Pyrolysis Heating Performance of Oil Palm Shell Waste Biomass with Carbon Surfaces

Abstract

Bio-fuels from solid waste biomass have been projected to provide renewable energy for the future. The thermal conversion of waste biomass to bio-fuels requires the development of energy efficient and quick heating processes. For this reason, Microwave (MW) heating process has attracted great attention in achieving quick heating conditions. In this study, solid Oil Palm Shells (OPS) waste biomass was subjected to multimode MW pyrolysis system operated at 2.54 GHz frequency with coconut activated carbon (CAC) surfaces.
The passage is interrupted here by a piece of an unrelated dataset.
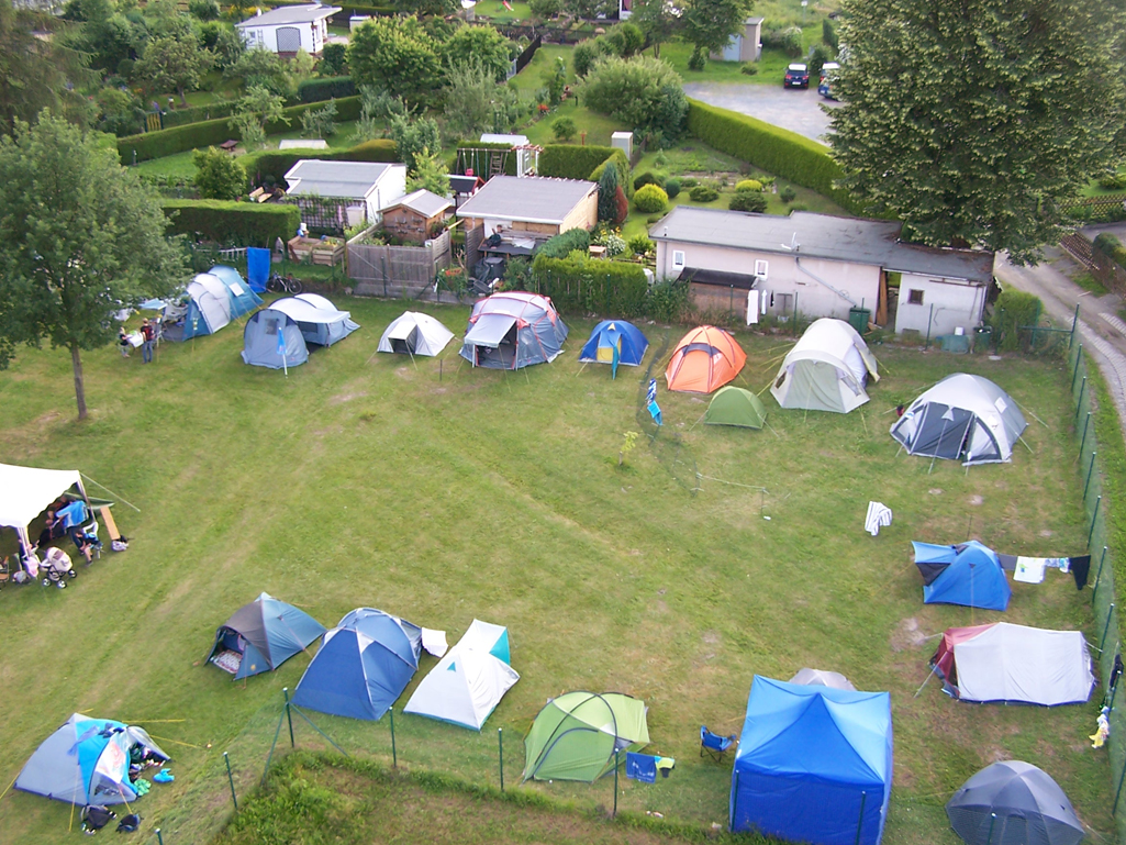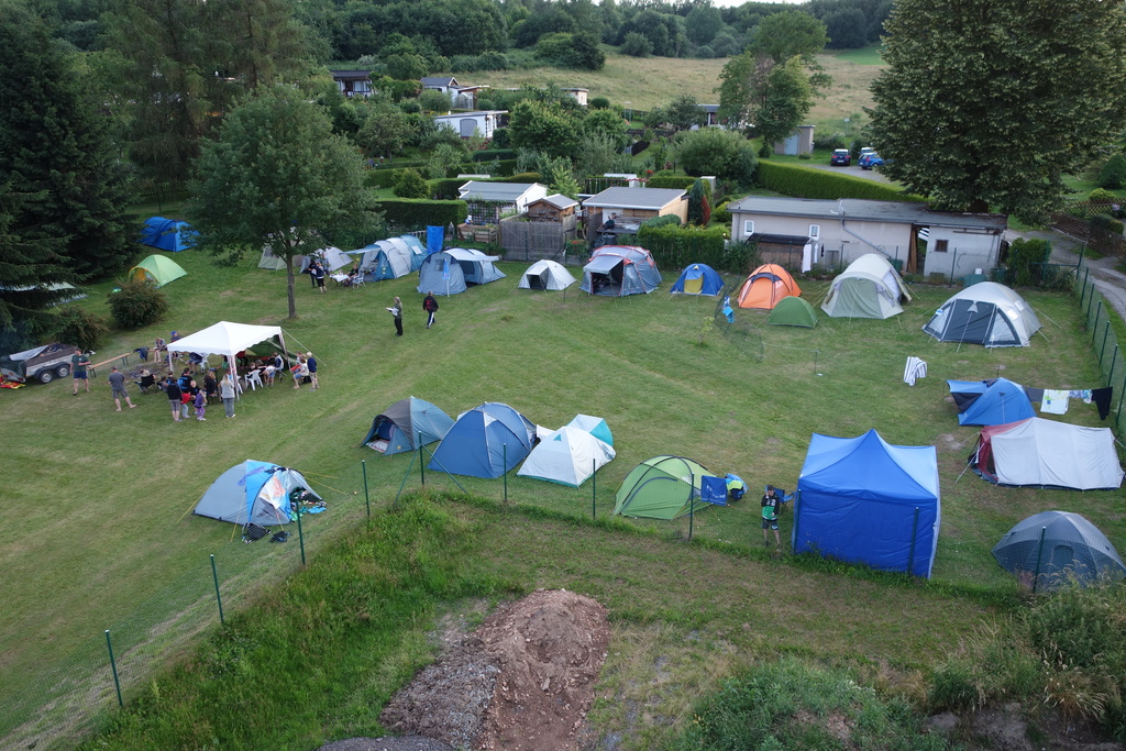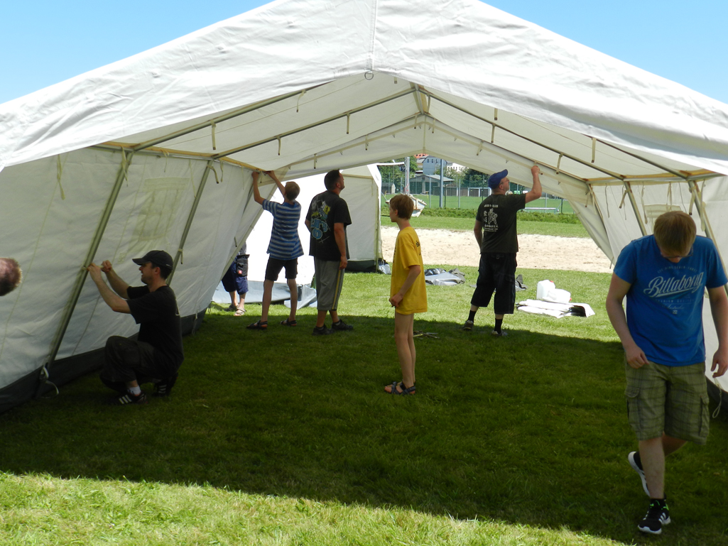Am Freitag begann man beizeiten mit den ersten Aufbauarbeiten des Lagers. So wurden mehrere große Zelte für die Verpflegung und als Essenszelte aufgebaut und eingerichtet. Diese Zelte wurden uns freundlicherweise von der Jugendfeuerwehr zur Verfügung gestellt. Dann kamen die persönlichen Zelte an die Reihe. Am Abend erfolgte noch einmal eine Einweisung der einzelnen Gruppenleiter, ehe es zur ersten Nachtruhe ging.

The effects of increasing OPS loading were investigated at 300 W, 35 wt% CAC loading and 4 liter per minute (LPM) of N2 on pyrolysis heating performance, bio-oil yield and composition. The results indicated that increase in OPS loading provide slow heating of biomass solids. However, the final temperature reached in biomass solids were found encouraging in initiating pyrolysis conditions. 150g of OPS loading demonstrated quick and nearly uniform process heating compared to 175g and 200g OPS loading. The highest bio-oil yield of 31.76 wt% was obtained with 200g OPS loading. The phenols in the bio-oil detected remained 58.02-66.67% GC-MS area. The findings of this study reveals that the heat generated from carbon surfaces and carried with N2 gas can improve pyrolysis heating conditions in OPS solids at fairly low MW power, which can save process energy. The high phenols in bio-oil suggest potential use as chemical feedstock in petrochemical industry.